#### [TASK STATEMENT]
What you return should be every line below, word for word, and none of the images.

#### [SUPPLIED MATERIAL]
Segment Open

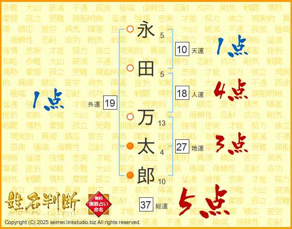 永(5画)田(5画) 万(13画)太(4画)郎(10画)
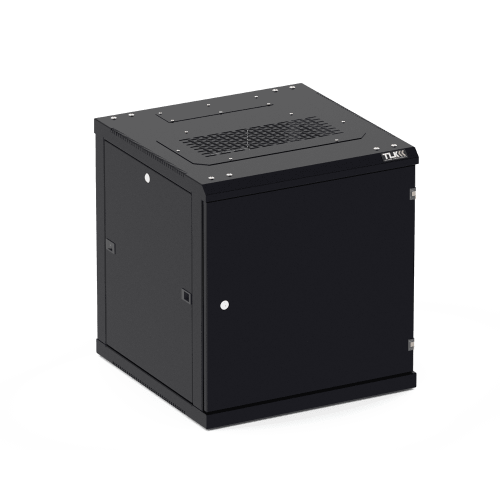 Телекоммуникационный настенный шкаф TLK TWC-096060-R-M-BK сборно-разборной конструкции состоит из основания, крыши, цельнометаллической двери универсальной навески, задней и боковых стенок, четырех вертикальных монтажных направляющих с юнитовой перфорацией (стандарт DIN 41494-7, ГОСТ Р 53246-2008).
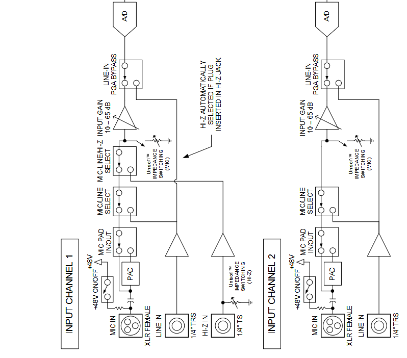 При этом, во всех Apollo Rack сигнал, поступающий во входы XLR должен быть всегда микрофонного уровня и всегда идет через усилительный каскад на PGA2500, а все, что включается в TRS - только линейного и этот сигнал идет в АЦП отдельно, через свой согласующий буферный каскад с unity gain. В Apollo Twin X/x4 gen2 входные каскады теперь сделаны практически так же, как в Apollo x Rack, ниже - фрагмент блок схемы Apollo Twin X Gen2

Segment Closed

#### [ANSWER BOX]
 永(5画)田(5画) 万(13画)太(4画)郎(10画)
 Телекоммуникационный настенный шкаф TLK TWC-096060-R-M-BK сборно-разборной конструкции состоит из основания, крыши, цельнометаллической двери универсальной навески, задней и боковых стенок, четырех вертикальных монтажных направляющих с юнитовой перфорацией (стандарт DIN 41494-7, ГОСТ Р 53246-2008).
 При этом, во всех Apollo Rack сигнал, поступающий во входы XLR должен быть всегда микрофонного уровня и всегда идет через усилительный каскад на PGA2500, а все, что включается в TRS - только линейного и этот сигнал идет в АЦП отдельно, через свой согласующий буферный каскад с unity gain. В Apollo Twin X/x4 gen2 входные каскады теперь сделаны практически так же, как в Apollo x Rack, ниже - фрагмент блок схемы Apollo Twin X Gen2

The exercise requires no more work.